Zcash, Kusama and Hedget are a few of the projects seeing their token values increase due to the unique set of issues they address.
The sharp correction in Bitcoin (BTC) may have shaken out many leveraged traders, but the data shows whales and institutions aggressively purchased the dip and now bulls have shown they are determined to push Bitcoin price back above $40,000. The total crypto market capitalization has also recovered and surged back above $1 trillion.
Pantera Capital founder and CEO Dan Morehead said he stands by his earlier prediction of $115,000 for Bitcoin by August of this year. Morehead believes China’s digital yuan developments may boost crypto adoption and prove to be a bullish trigger.

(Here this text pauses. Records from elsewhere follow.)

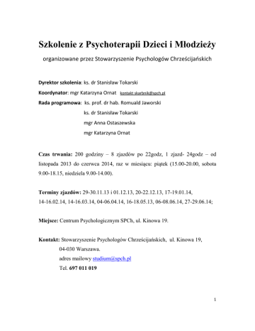 Szkolenie z Psychoterapii Dzieci i Młodzieży organizowane przez Stowarzyszenie Psychologów Chrześcijańskich Dyrektor szkolenia: ks. dr Stanisław Tokarski Koordynator: mgr Katarzyna Ornat kontakt [email protected] Rada programowa: ks. prof. dr hab. Romuald Jaworski ks. dr Stanisław Tokarski mgr Anna Ostaszewska mgr Katarzyna Ornat Czas trwania: 200 godziny – 8 zjazdów po 22godz, 1 zjazd- 24godz – od listopada 2013 do czerwca 2014, raz w miesiącu: piątek (15.00-20.00, sobota 9.00-18.15, niedziela 9.00-14.00). Terminy zjazdów: 29-30.11.13 i 01.12.13, 20-22.12.13, 17-19.01.14, 14-16.02.14, 14-16.03.14, 04-06.04.14, 16-18.05.13, 06-08.06.14, 27-29.06.14; Miejsce: Centrum Psychologicznym SPCh, ul. Kinowa 19. Kontakt: Stowarzyszenie Psychologów Chrześcijańskich, ul. Kinowa 19, 04-030 Warszawa. adres mailowy [email protected] Tel. 697 011 019 1 Szkolenie z Psychoterapii Dzieci i Młodzieży skierowane jest do psychologów, pedagogów szkolnych i pedagogów placówek opiekuńczo-wychowawczych, lekarzy ( w szczególności lekarzy pediatrów), nauczycieli i innych osób pracujących z dziećmi i młodzieżą. I. Kryteria kwalifikacji Warunkiem przyjęcia do Studium Psychoterapii Dzieci i Młodzieży SPCh jest: – Ukończone studia wyższe magisterskie tj. dyplom lekarza medycyny lub magistra w zakresie psychologii, pedagogiki, nauk społecznych, humanistycznych. − Decyzja Komisji Kwalifikacyjnej na podstawie formularza zgłoszenia. − Wniesienie w terminie wymaganych opłat. II. Program ogólny W programie szkolenia przewidziane jest dostarczenie wiedzy i umiejętności niezbędnej do prowadzenia psychoterapii wśród dzieci i młodzieży, w formie wykładów i warsztatów dotyczących takich zagadnień jak: - Podstawy kontaktu z dzieckiem i rodziną, - Psychologia kliniczna i psychopatologia dzieci i młodzieży: depresje, nerwice, zaburzenia osobowości, psychozy, problemy rodzinne, uzależnienia, przemoc w rodzinie, - Poradnictwo i psychoterapia integratywna dzieci i młodzieży, - Psychologia religii i duchowości dzieci i młodzieży, - Zasady etyczne psychoterapii dzieci i młodzieży. Program szczegółowy zał. 1 III. Zaliczenia Zaliczenia zajęć odbywają się na podstawie obecności, aktywności podczas zajęć. Obecność na zajęciach jest obowiązkowa, sprawdzana na każdych zajęciach. W sytuacjach wyjątkowych dopuszczalne jest opuszczenie do 2 dni zajęć teoretycznych w ciągu roku, ale na dyplomie podana będzie faktyczna liczba godzin. Jeśli uczestnik szkolenia opuści więcej niż 2 dni w roku, konieczne jest uzupełnienie opuszczonych zajęć z inną grupą. IV. Warunki zaliczenia Studium i otrzymania dyplomu Absolwenci Szkolenia otrzymają dyplom ukończenia Szkolenia z Psychoterapii Dzieci i Młodzieży, warunkiem uzyskania jest: 1. Obecność na wszystkich zajęciach. 2. Dokonanie opłat za Studium. Odpowiedzialność za zaliczenie wszystkich modułów szkolenia ponosi uczestnik szkolenia. 2 Możliwe jest wykluczenie ze szkolenia w przypadku nie spełniania regulaminu Studium (np. nie uiszczanie w terminie wymaganych opłat). Wykluczenie ze szkolenia musi być poprzedzone rozmową indywidualną przedstawiciela kierownictwa Studium z daną osobą. V. Opłaty Koszt studium. Opłaty należy wnieść w określonym terminie na konto SPCh – PEKAO S.A. III o/Warszawa nr 42 1240 1040 1111 0010 1541 6402. Zaliczka Opłata Członkowie SPCh 300zł+23% Vat 369zł Płatność w I racie Termin 15.10.13 Opłata 3700+23% Vat 4551zł Termin 15.11.13 Płatność w II ratach Opłata 1900+23% Vat 2337zł 1900+23% Vat 2337zł Pozostali 300zł+23% Vat 369zł 15.10.13 4100+23% Vat 5043zł 15.11.13 2100+23% Vat 2583zł 2100+23% Vat 2583zł Termin 15.11.13 06.03.14 Płatność w IX ratach Opłata 390+23% Vat 12.12.13 479,70zł 09.01.14 06.02.14 06.03.14 15.11.13 460+23% Vat 06.03.14 Termin 15.11.13 565,80zł 27.03.14 08.05.14 30.05.14 19.06.14 Osoby zakwalifikowane są zobowiązane do wpłacenia zaliczki. Zaliczka jest bezzwrotna jeśli kandydat zrezygnuje ze szkolenia. Nie dokonanie tej wpłaty po zakwalifikowaniu powoduje skreślenie z listy studentów. Rachunki wystawiane są przez sekretarza Studium na prośbę uczestnika szkolenia, do 7 dni od wpływu opłaty na konto, po przedstawieniu przez uczestnika danych koniecznych do wystawienia rachunku. Dane do rachunku można przesłać na adres [email protected] W przypadku rezygnacji ze Studium nie jest możliwy zwrot opłaty za rozpoczęty cykl nauki. Jeśli uczestnik wniesie opłatę po wymaganym terminie, opłata jest wyższa o 2 % za każdy rozpoczynający się miesiąc nauki. VII. Prowadzący Szkolenie prowadzone jest przez zespół główny szkolący w zakresie Psychoterapii i Poradnictwa w Stowarzyszeniu Psychologów Chrześcijańskich oraz zaproszonych specjalistów- praktyków w zakresie Psychoterapii Dzieci i Młodzieży. Biogramy prowadzących zał. 2 3 Zał. 1 Program szczegółowy Blok I Wprowadzenie, zawiązanie grupy omówienie zasad szkolenia Podstawy psychologii rozwojowej dzieci i młodzieży. Rozwój emocjonalny dzieci i młodzieży, społeczny, poznawczy, psychoseksualny dzieci i młodzieży. Nawiązywanie kontaktu z dziećmi w poszczególnych fazach rozwojowych. Wywiad z rodzicem. Blok II Podstawowe założenia ogólnej teorii systemów. Rozwój terapii rodzin – rys historyczny, przegląd szkół, kontekst ich rozwoju, przedstawiciele, podstawowe pojęcia. Spojrzenie na rodzinę jako na system - struktura rodziny. Koncepcja cyklu życia rodzinnego. Pomoc terapeutyczna na poszczególnych etapach cyklu życia rodziny. Wybrane elementy poszczególnych podejść systemowych. Specyficzne techniki terapeutyczne stosowane w pracy z rodziną. Teoria i praktyka genogramu – zasady konstrukcji i interpretacji, konstruowanie hipotez na podstawie informacji wniesionych przez genogram. Rola terapeuty systemowego, relacja terapeutyczna w terapii systemowej Zasady konsultacji systemowej. Schemat pierwszego wywiadu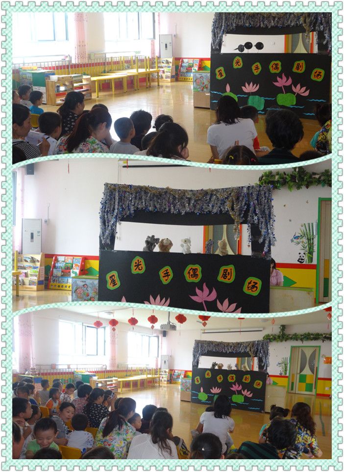 活动在精彩的舞蹈《童心鼓韵》中开场,《小蝌蚪找妈妈》、《小羊和狼》、《咕咚来了》等孩子们最熟悉的童话故事被老师们搬上舞台。孩子们有序地坐在凳子上,目不转睛地欣赏着这些形式新颖、内容有趣、老师自编自导自演的手偶剧,徜徉在故事情节里。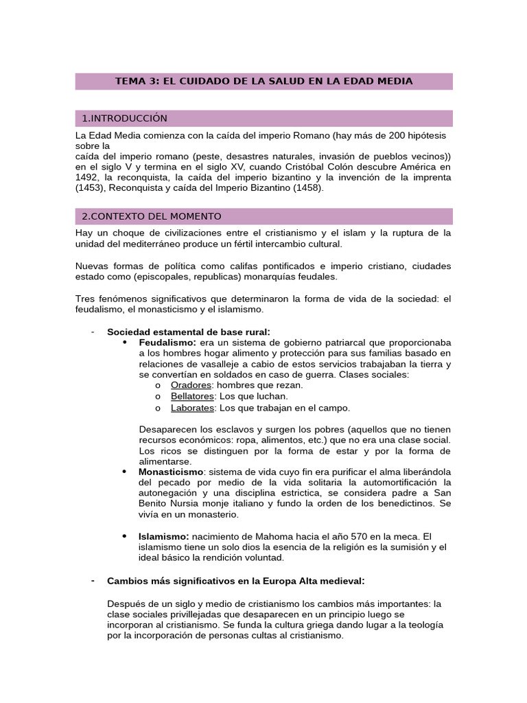 TEMA 3: EL CUIDADO DE LA SALUD EN LA EDAD MEDIA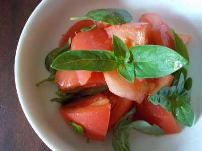 トマト,塩,コショウ,オリーブオイルとバジルたっぷり。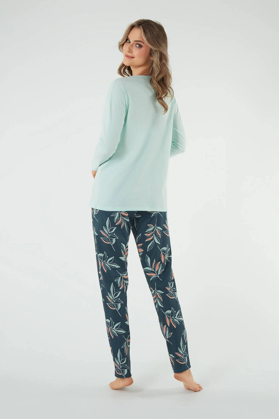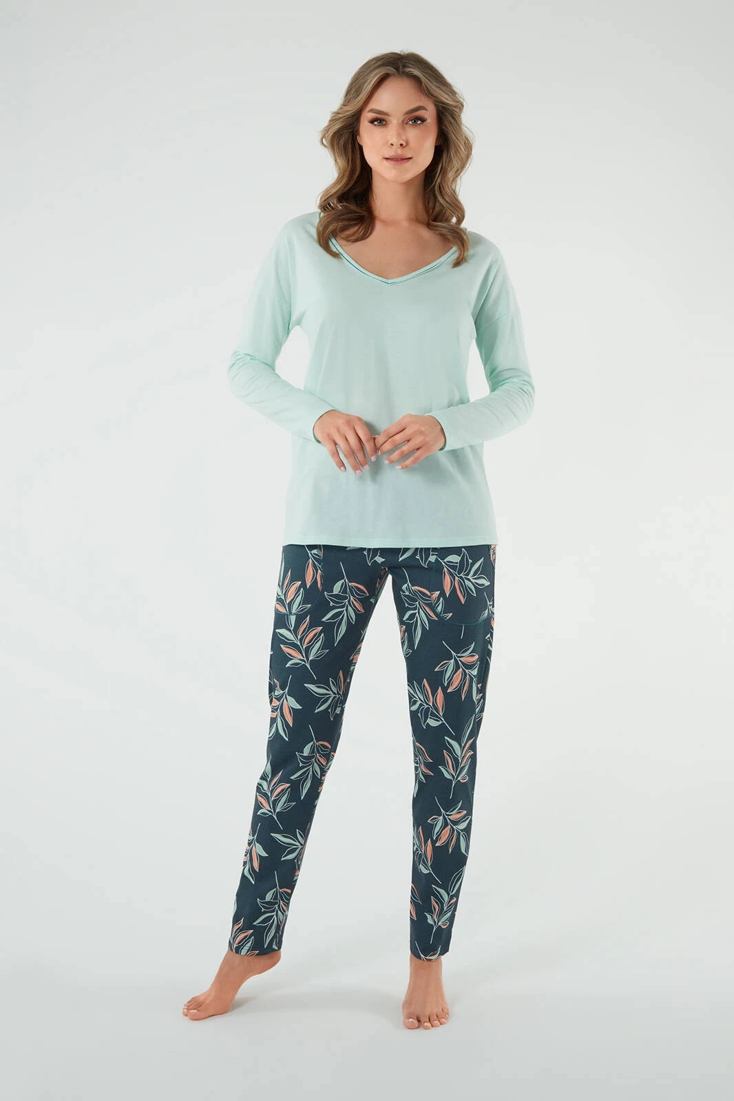 Piżama damska Julietta długi rękaw, długie spodnie - Pistacjowy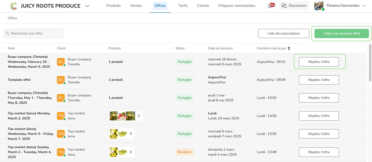 Cliquez ensuite sur le bouton vert Nouvelle Offre.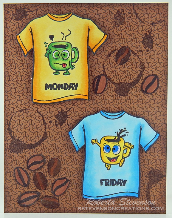 The image was coloured with copic markers. I kept this fun card simple as the expressions on the cups say everything there is to say. LOL! I chose green shades for the Monday T-Shirt, because after the weekend, it’s always a little rough and you feel blah! Friday, is bright and sunny because, hey! Who doesn’t love the weekend????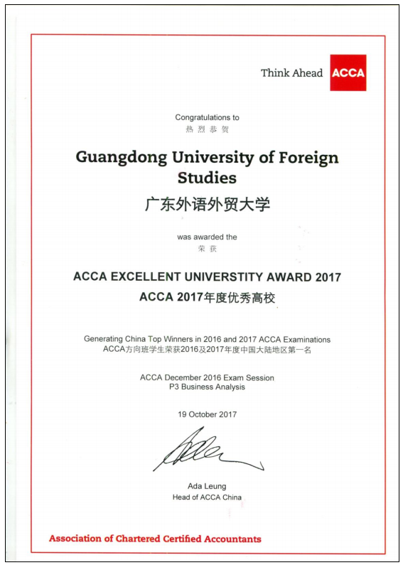 2019年与高顿教育集团达成战略合作协议,共建ACCA项目中心。各届创新班同学在全球统考通过率、考试成绩、竞赛获奖、读研升学以及就业层次等方面,在全国开设ACCA成建制本科班项目的近200家高校中名列前茅。广外ACCA项目2017年度荣获优秀高校奖、2018年度荣获华南区合作高校卓越成就奖、2021年度荣获优秀高校奖等。2020年获得ACCA全球的黄金级教育资质认证,2023年获得白金级教育资质认证,是华南地区首家获得最高级别认证的高校。
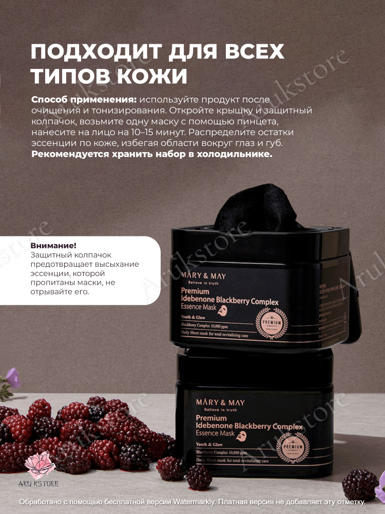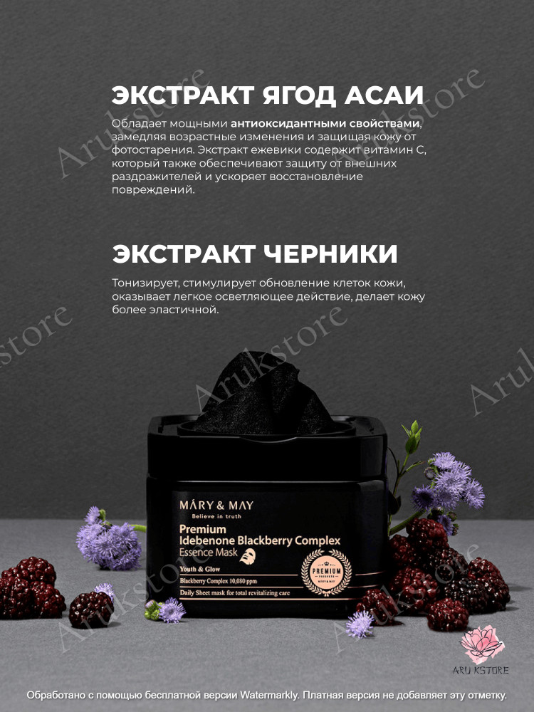 Mary&May Набор антиоксидантных масок для лица «Premium Idebenone Blackberry Complex Essence Mask»

Several altcoins have also turned positive and are following Bitcoin higher. Let’s investigate the fundamental reasons for their rise in order to determine whether there are possible targets on the upside.
European Central Bank President Christine Lagarde recently reiterated her view that Bitcoin should be regulated of Bitcoin. Regulation can be a two-edged sword, and those against it have argued that it has repeatedly failed in traditional finance. Therefore, as voices for regulation grow, some investors may prefer privacy coins such as Zcash (ZEC).
The Zcash Foundation wants the community to increase shielded adoption and for applications to allow for transactions using shielded Zcash. To do that, the foundation plans to speed up the development of Zebra, a consensus-compatible Zcash node client written in Rust.
Zcash also completed its third major network upgrade called Blossom on Dec. 11. The upgrade cut block times in half, enabled faster transaction confirmations, lowered fees and doubled the network’s throughput.
While Zcash is taking necessary steps to improve user adoption, the project is continuing to face heat due to its privacy tag. Recently crypto exchange Bittrex announced that it was delisting ZEC along with two other privacy coins starting on Jan. 15. Let’s see whether any of these developments are working in ZEC’s favor.
ZEC soared from an intraday low at $54.3150 on Jan. 1 to an intraday high at $120.7119 on Jan. 13, a 122% rise within two weeks. This rally has invalidated a bearish descending triangle pattern and this is a strong bullish sign.
However, the bears are unlikely to give up easily and they are currently attempting to defend the $125.3626 resistance. The ZEC/USD pair could now retest the recent breakout level at $102.6824.
If the pair rebounds off this support, it will suggest that the level has flipped to support and this may be used as a launchpad for a break above $125.3626.
If the buyers succeed in achieving that, the pair could rally to $140 and then to $160. A breakout of this resistance could pave way for a rally to $220.
Contrary to this assumption, if the bears sink and sustain the price below $102.6824, the decline could extend to $84. Such a fall will suggest the momentum has weakened.
The recent crypto bull run has not only boosted Bitcoin’s price, it has also rewarded altcoins that offer solutions to the issues bogging down existing projects. Polkadot (DOT) aims to address interoperability and scalability issues and recently traders have pushed its price into the top-five cryptocurrencies by market capitalization. This has also benefited its cousin, Kusama (KSM).
The upcoming Substrate 3.0 release will bring Ethereum compatibility and it’s expected to launch in the first half of this year. The upgrade could further boost Polkadot’s popularity. Meanwhile, the Plasm network became the first parachain on Polkadot’s testnet parachain, Rococo V1. The same code will run on Kusama and a growing number of projects aiming to win the Polkadot parachain slots auction might first try out Kusama.
Although Kusama is its own unique network, its fortunes will closely follow the trajectory of Polkadot.
The charts show KSM in an uptrend and its price has risen from a Jan.11 intraday low at $57.877 to an intraday high at $85.239 today. This represents an impressive 47.27 % rally within four days. Both moving averages are sloping up and the relative strength index (RSI) is in the positive zone, indicating bulls are in control.
The bears had attempted to start a correction on Jan. 11 but the bulls aggressively defended the 50-day simple moving average ($58). This suggests strong demand at lower levels. The KSM/USD pair may rise to $88 and then to $100.
However, the long wick on today’s candlestick suggests selling at higher levels. If the bears pull the price below $76, the pair may drop to the 20-day exponential moving average ($67). A strong rebound off it will keep the upside targets intact.
On the other hand, a break below the 20-day EMA could result in a fall to the 50-day SMA. If this support cracks, it may signal a trend change.